What you write must match, character for character, the lines from the one with "Sydney Evan monstera" down to the one with "木林森男靴夏の薄い軽量男性カジュアル靴本革英倫軟底透かし透け通気穴靴" in the listing below, minus its pictures.

Materials provided:
+---+

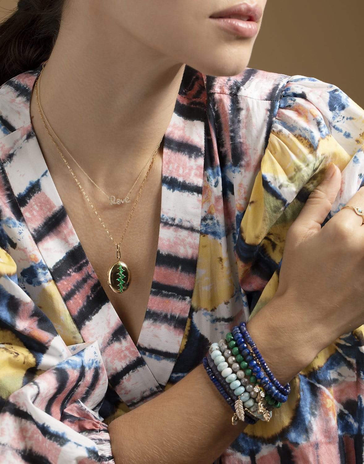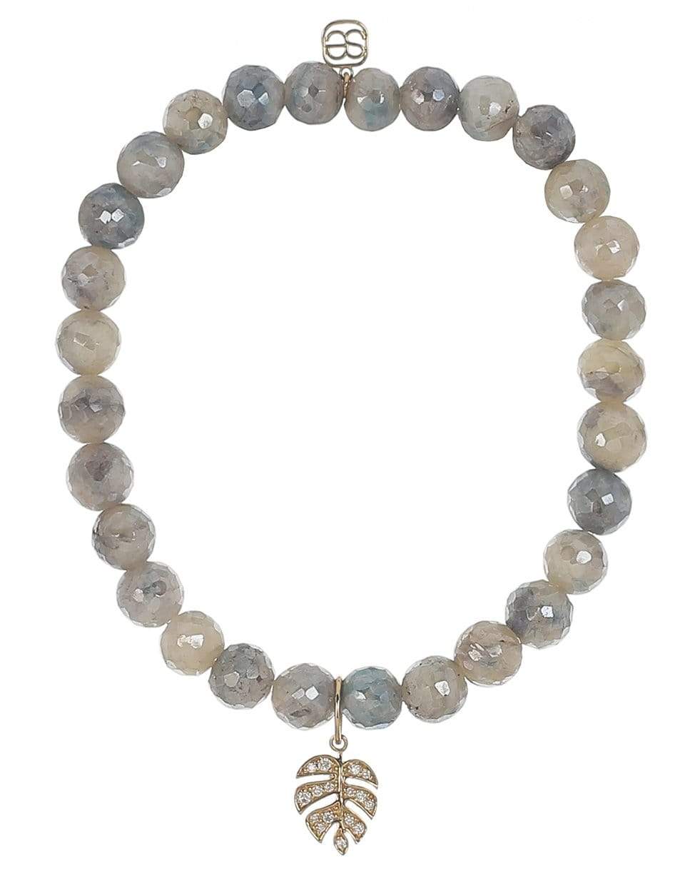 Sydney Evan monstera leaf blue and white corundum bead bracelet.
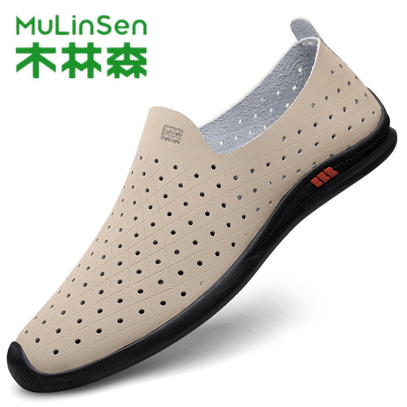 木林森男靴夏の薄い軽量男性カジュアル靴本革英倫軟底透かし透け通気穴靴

+---+

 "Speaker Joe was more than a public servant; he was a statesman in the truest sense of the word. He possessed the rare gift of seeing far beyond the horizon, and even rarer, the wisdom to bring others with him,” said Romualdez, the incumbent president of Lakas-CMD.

+---+

Task answer:
 Sydney Evan monstera leaf blue and white corundum bead bracelet.
 木林森男靴夏の薄い軽量男性カジュアル靴本革英倫軟底透かし透け通気穴靴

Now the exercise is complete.